As you may know, Cindy and I lost our precious son, Brian, at age 18 in a sudden tragic car accident on February 2, 2013. The phone call we received early that morning is a phone call every parent hopes they never receive. It is not something that you can prepare for and certainly is not something you can hide from. The days to come after Brian’s death were filled with pain and anguish we have never experienced before but we were also beginning to feel a glimmer of hope. Friends and family were immediately at our doorstep to help in any way they could. I imagine it’s a feeling of helplessness and an overwhelming desire to ease the pain and suffering of others. We have felt this pain firsthand and it has changed Cindy, my children Kevin, Julie, Christie and my life forever. As time has passed and Brian is now buried, Cindy and I feel a renewed vibrant positive energy which has been bestowed upon us by the community and all of you! Only through the experience of our son’s death have we come to realize the compassion and overwhelming sense of goodness that all people have within themselves to help transform an unfathomable tragedy into a state of hope.
Everyone who knew Brian says he was an inspiring, respectful, happy young man, full of life and looking forward to the future in so many ways. Smart, positive, funny and kind-hearted are all words that come up again and again when people describe him. Those of you who knew Brian know of his character and accomplishments. Brian was a great role model athletically, academically and spiritually to many people he knew. He carried a 4.5 GPA at school and was an accomplished golfer. In looking through his personal journals after his death, we found he prayed three times a day, in the morning, at lunchtime and before he went to bed. Brian was an extremely positive person who genuinely cared about people and how they felt. As a leader, he led by example and character. His determination, integrity and enthusiasm in life were palpable. One of Brian’s last achievements was recently realized when we received his acceptance letter to the University of North Carolina at Chapel Hill shortly after his death. UNC Chapel Hill was his top college pick at the time of his death.
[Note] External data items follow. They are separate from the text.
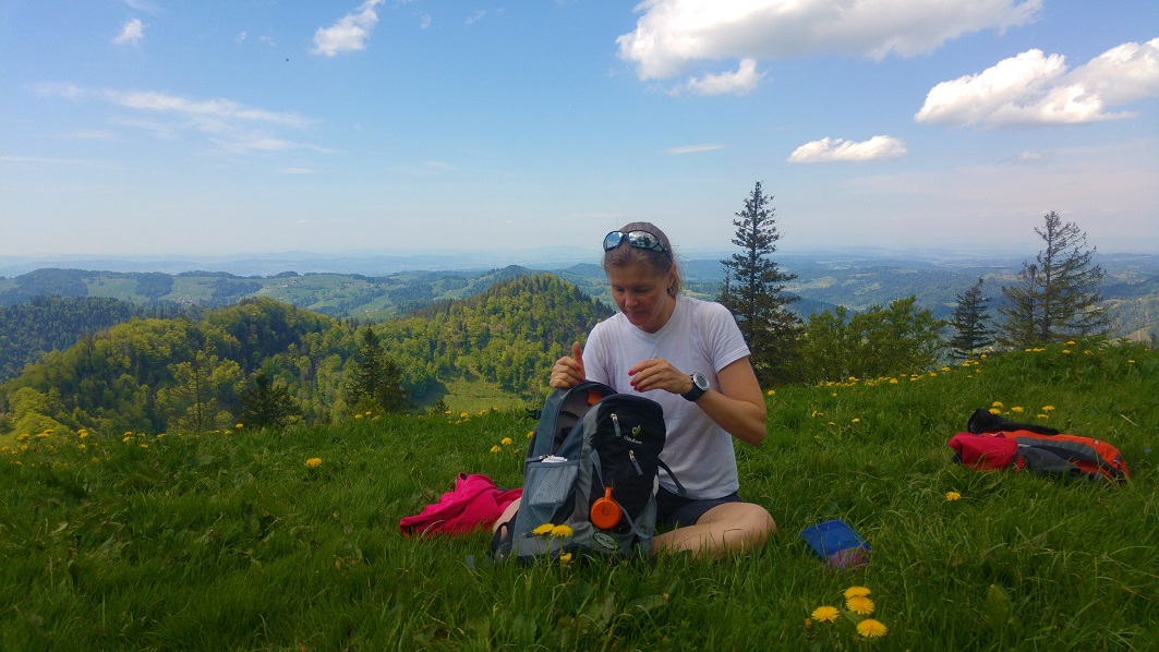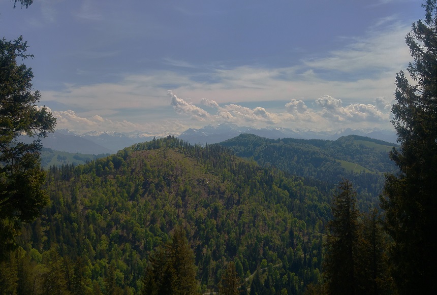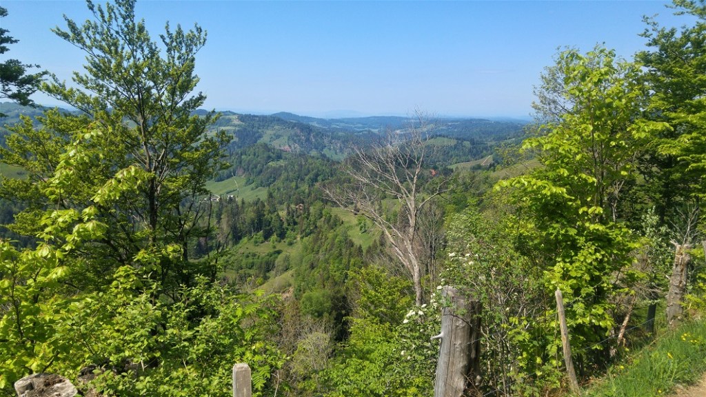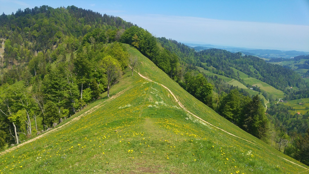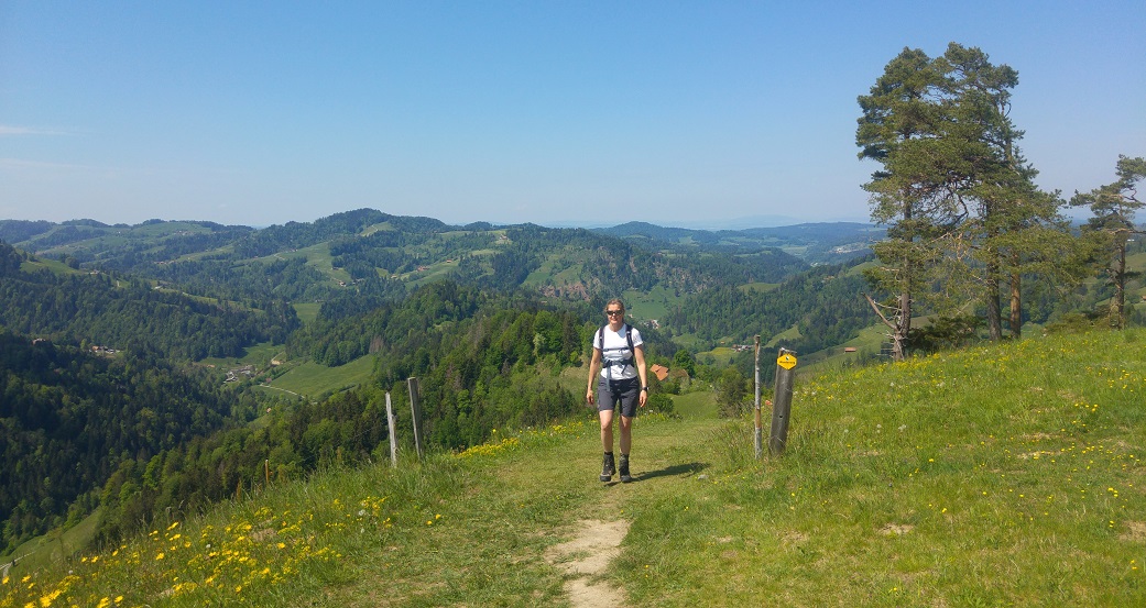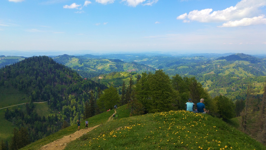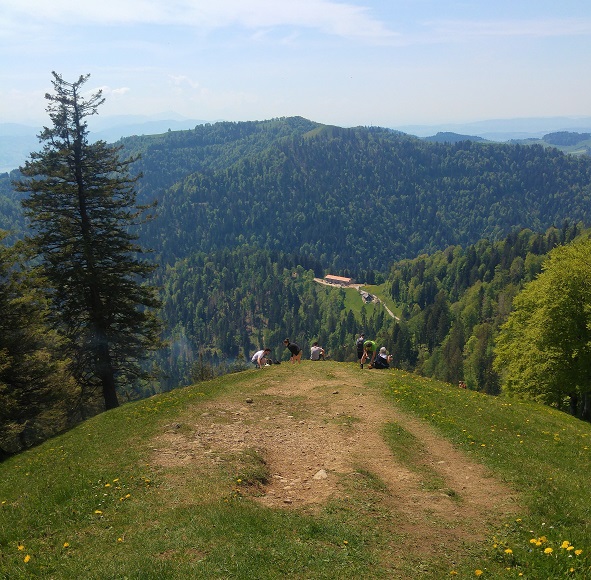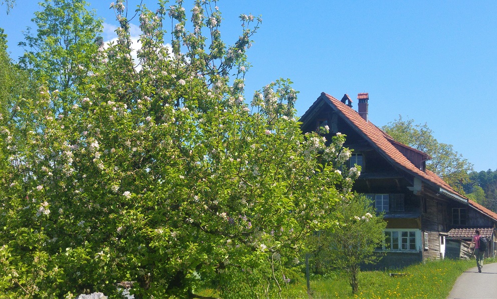 Zürichistä, myös Zürichin kantonista, tulee mieleen kaupunkiseutu, tiheys, mutta myös pellot ja risteilevät tiet. Tämä polveileva maasto oli rehevää ja maaseutumaista. Vuorella olimme uudelleen alkukeväässä; kotona jo ohi mennyt hedelmäpuiden kukinta oli täällä vielä vauhdissa. Toisaalta oli myös kuin Suomen kesä, maastossa kukki kieloja ja käki kukkui lähes koko matkan.
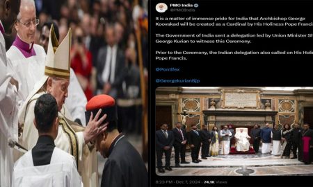 ആർച്ച്ബിഷപ് മാര് ജോര്ജ് കൂവക്കാട്ടിനെ കര്ദിനാള് പദവിയിലേക്ക് ഉയര്ത്തിയത് ഭാരതത്തിന് അഭിമാനകരമെന്ന് പ്രധാനമന്ത്രി നരേന്ദ്രമോദി. ഔദ്യോഗിക എക്സ് പേജിലാണ് പ്രധാനമന്ത്രി പോസ്റ്റ് പങ്കുവെച്ചത്. കേന്ദ്രമന്ത്രി ജോര്ജ് കുര്യന്റെ നേതൃത്വത്തിലുള്ള പ്രതിനിധി...
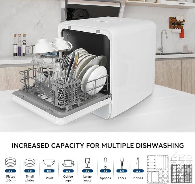 【6 Washing Modes】You'll get full size dishwasher cleaning in a countertop sized compact unit that offers five wash programs:Normal wash for 59 minutes, Rapid wash for 29 minutes, Strong wash for 79 minutes, Eco wash for 89 minutes, Fruit Wash for 19 minutes.6 washing modes could effectively respond to different washing needs for different soiled dishes.
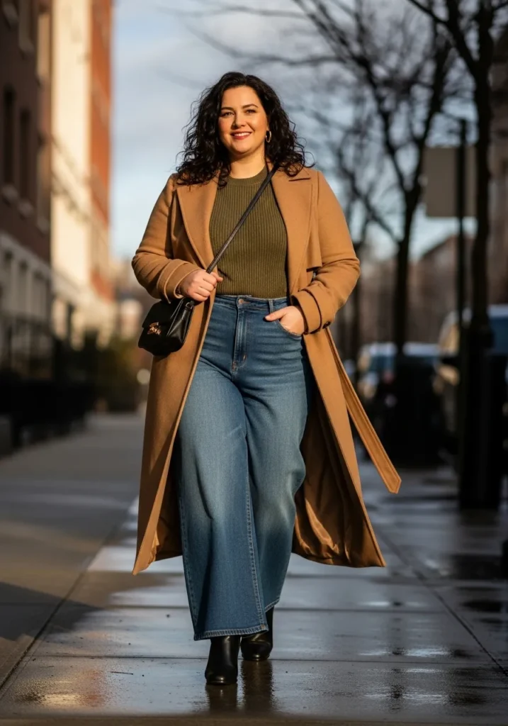 I love how this outfit balances comfort and confidence. The long camel coat feels instantly elevated and the wide leg jeans create a flattering line that makes the whole look feel relaxed yet intentional. I find the olive sweater such a pretty contrast under the warm coat. It feels like the kind of outfit I would reach for again and again because it looks put together without feeling fussy.
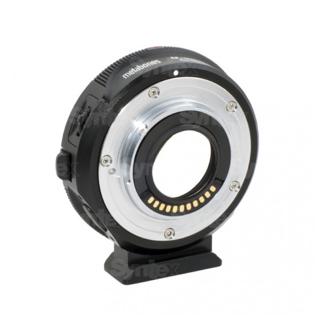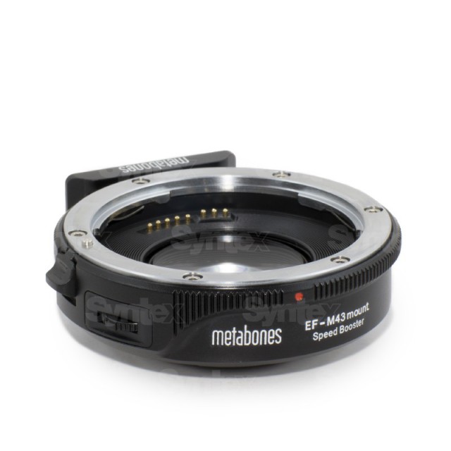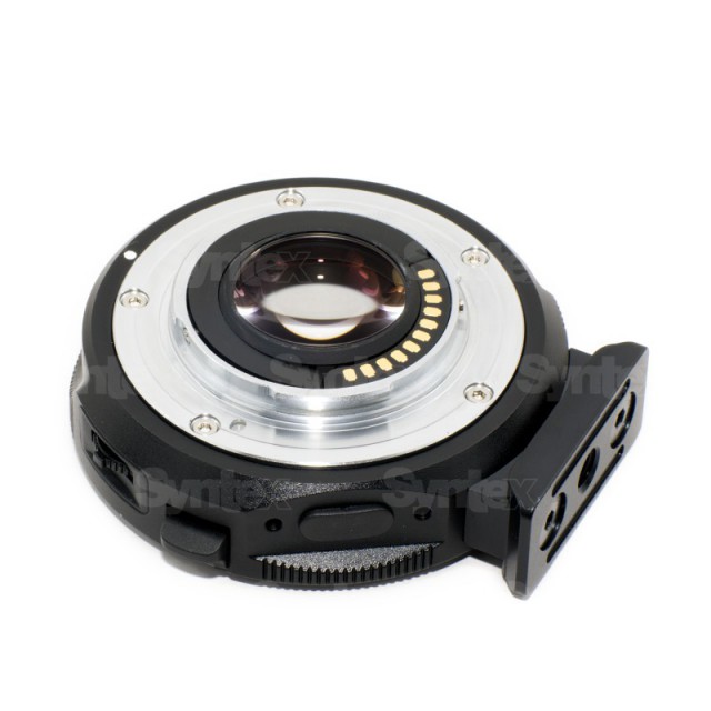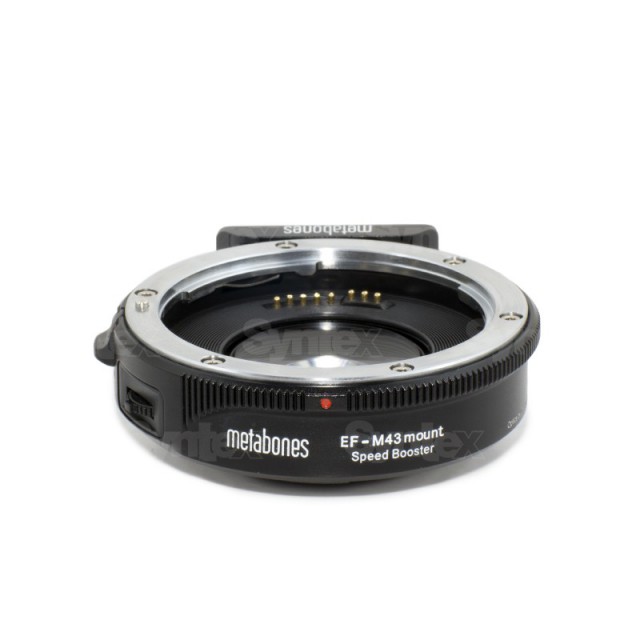 Canon EF to Micro-4/3 mount Speed Booster adapter makes lens 0.71x wider, increase maximum aperture by 1 stop, and increases MTF. The adapter features built-in electronics to control lens aperture by the controls on the camera body, and is also powered by the camera's body. The adapter is an ideal companion for Blackmagic Cinema Camera MFT or the mirrorless Panasonic GH4 models.
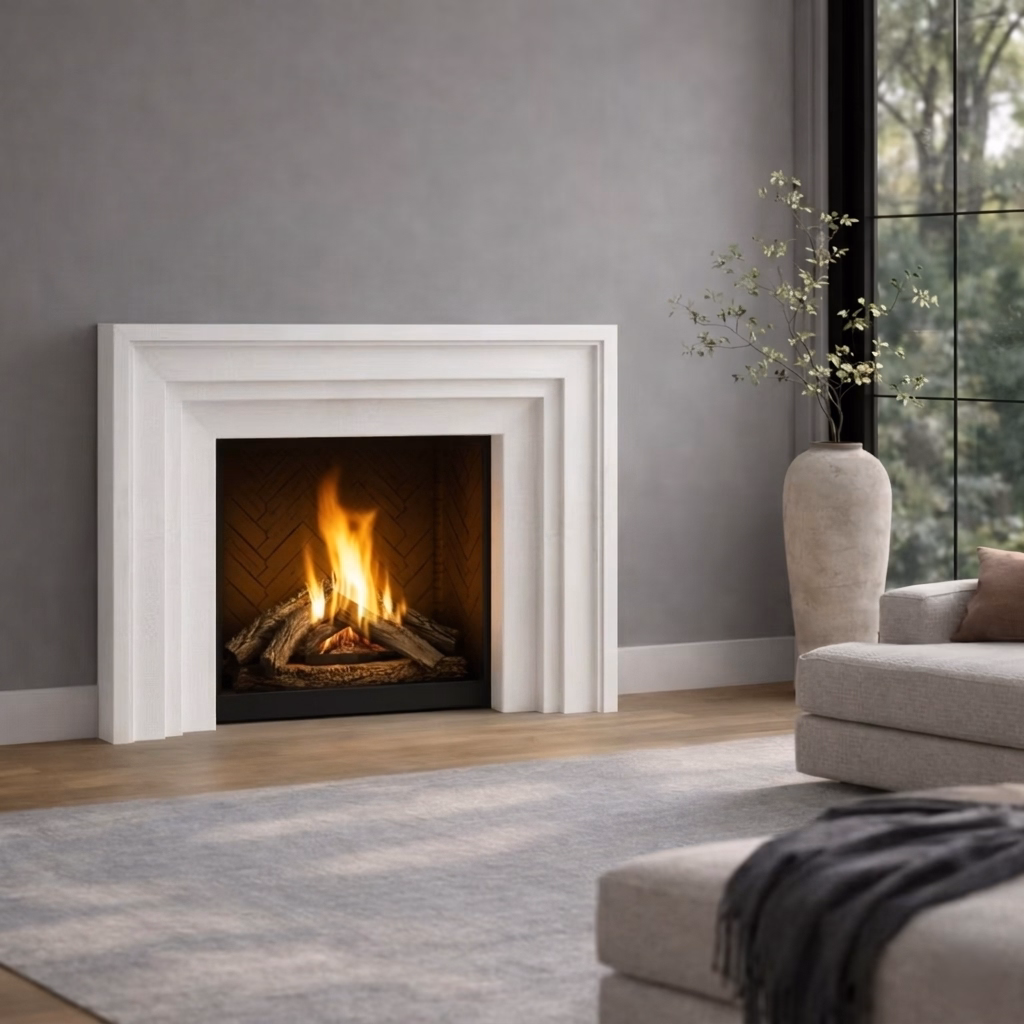 The Ashley fireplace mantel surround by Lyonstone combines charm and warmth in a timeless stone design. Defined by smooth lines and subtle detailing, Ashley brings an inviting presence to the room without feeling overly formal. Its balanced look pairs beautifully with shiplap walls, neutral palettes, and relaxed interiors, making it a natural focal point for comfortable, welcoming living spaces. Designed for homeowners and designers seeking a mantel surround with softness, versatility, and lasting appeal, the Ashley blends understated character with everyday livability. Customization options are available to suit your space and design needs.
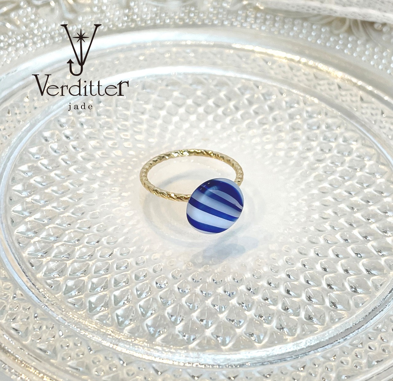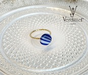 このブルーストライプリングは、独特なストライプ模様と1点物であるドイツ製ヴィンテージボタンガラスが融合したデザインで、あなたの指先をエレガントに飾るアイテムです。美しいストライプの色彩が、シンプルでありながらも華やかな存在感を放ち、日常使いはもちろん特別なシーンでも映えること間違いなしです。
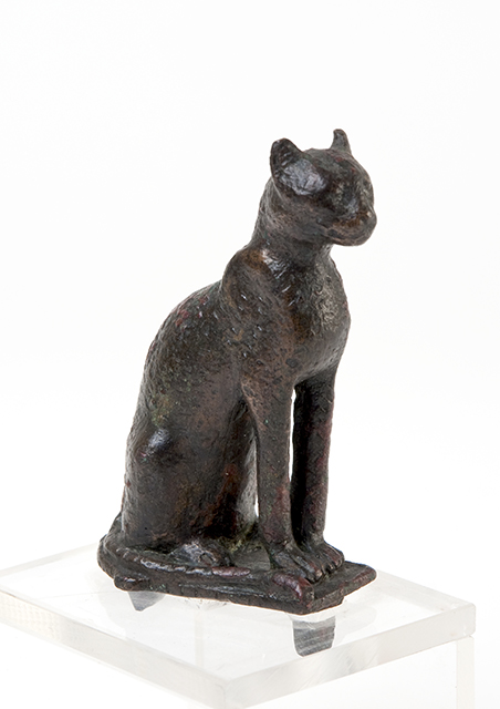 I bronzetti raffiguranti gatti, ed in particolare quelli di piccole dimensioni, sono un esempio dell’attenzione che gli antichi egiziani riservavano all’ambiente naturale ed agli animali che li circondavano. L’anatomia è resa in modo accurato: i felini, dal corpo snello, sono ritratti seduti sulle zampe posteriori, con la coda che aderisce al lato destro del corpo fino a raggiungere le sottili zampe anteriori. I musi sono appuntiti e le orecchie grandi. Statuine di questo tipo diventano comuni a partire dall’Epoca Tarda (715-332 a.C.), dal momento che il culto degli animali sacri (il gatto era legato infatti alla dea Bastet) cominciò in quel periodo a diffondersi sempre più.
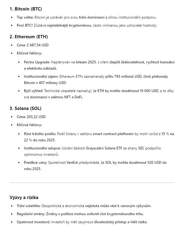 Když model dostal za úkol vybrat další aktiva s vysokým růstovým potenciálem, zvolil ethereum (ETH) a solana (SOL). Hlavní důvody pro tuto predikci jsou expanze ekosystémů, rostoucí zájem institucionálních investorů a příznivé tržní podmínky, které naznačují, že ETH a SOL budou patřit mezi nejvýnosnější kryptoměny roku 2025.
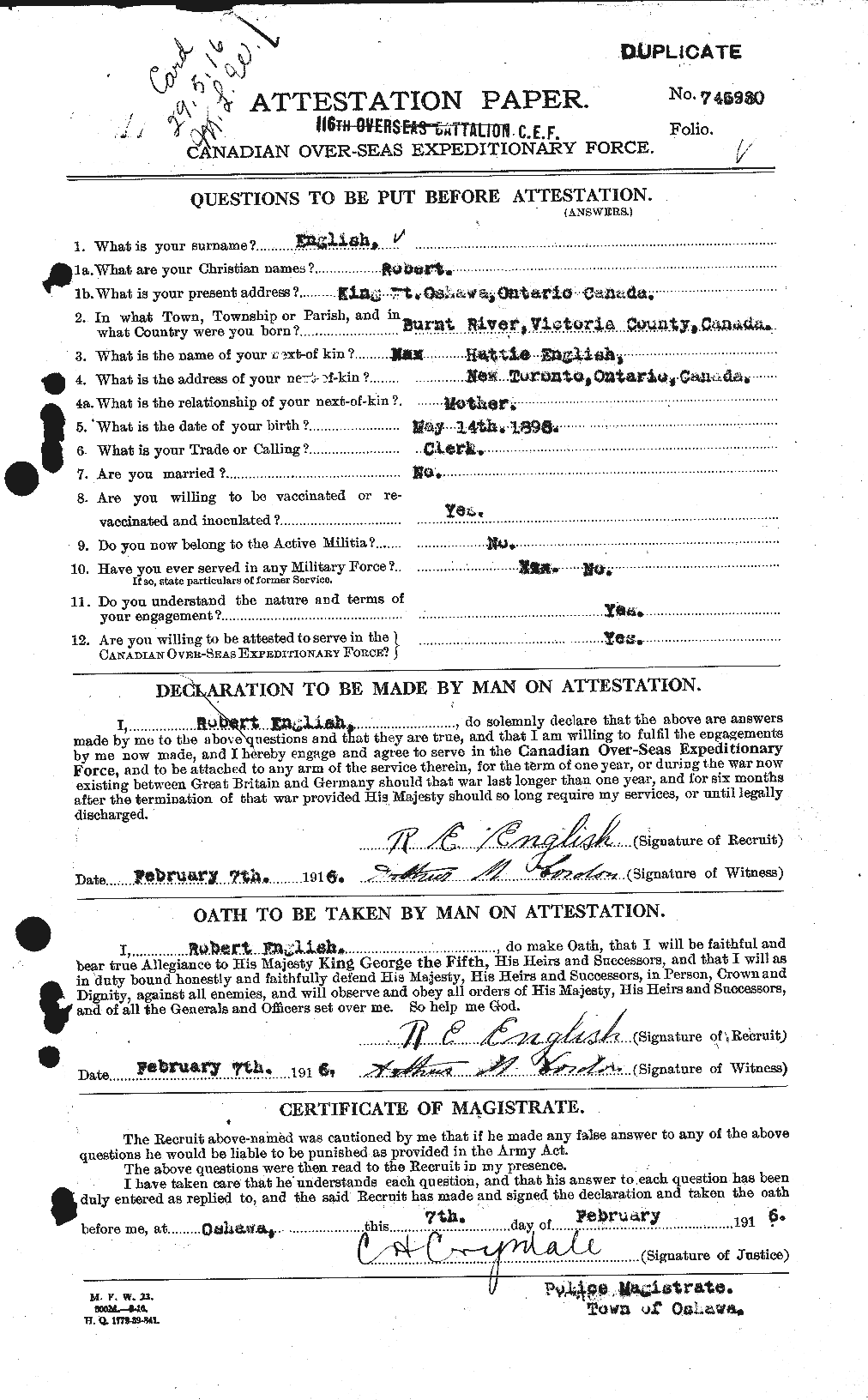 Source: Per email from Michael Carmichael re. associated research about the 116th Battalion, CEF.

Only in death do we realize just how many lives one individual can touch in such a short lifetime and in such a positive way! We are now realizing that Brian’s death was not in vain because so much good and hope have been instilled in so many people he knew. As parents and as a family, we hope to bring meaning and benefit to a senseless tragedy that can never make sense, which has brought us to the focus of memorializing our son for the betterment of others. My wife and I have been given this opportunity to make good come from the death of our son. We have created a charitable fund in memory of Brian. The Brian N. Hoeflinger Memorial Fund is intended to benefit organizations, programs and projects that reflect Brian’s life passions and determination to succeed as well as encompass his continual desire to help and comfort others. Our hope is that these grants would touch the lives of others in a positive direction as did Brian N. Hoeflinger. All donations to Brian’s fund are for a charitable cause and are 100% tax deductible. Our goal is to sustain the fund into perpetuity.
Brian recently wrote a paper for school called, “Message in a Bottle”. The paper was to reflect to someone else what he learned in life thus far. The final line of his paper read, “Even the smallest of accomplishments is greatly appreciated in the eyes of a positive person because it is another step in the right direction”. That is how my son Brian lived his life and that is how we hope his legacy will always be remembered.
Thank you for your time and consideration!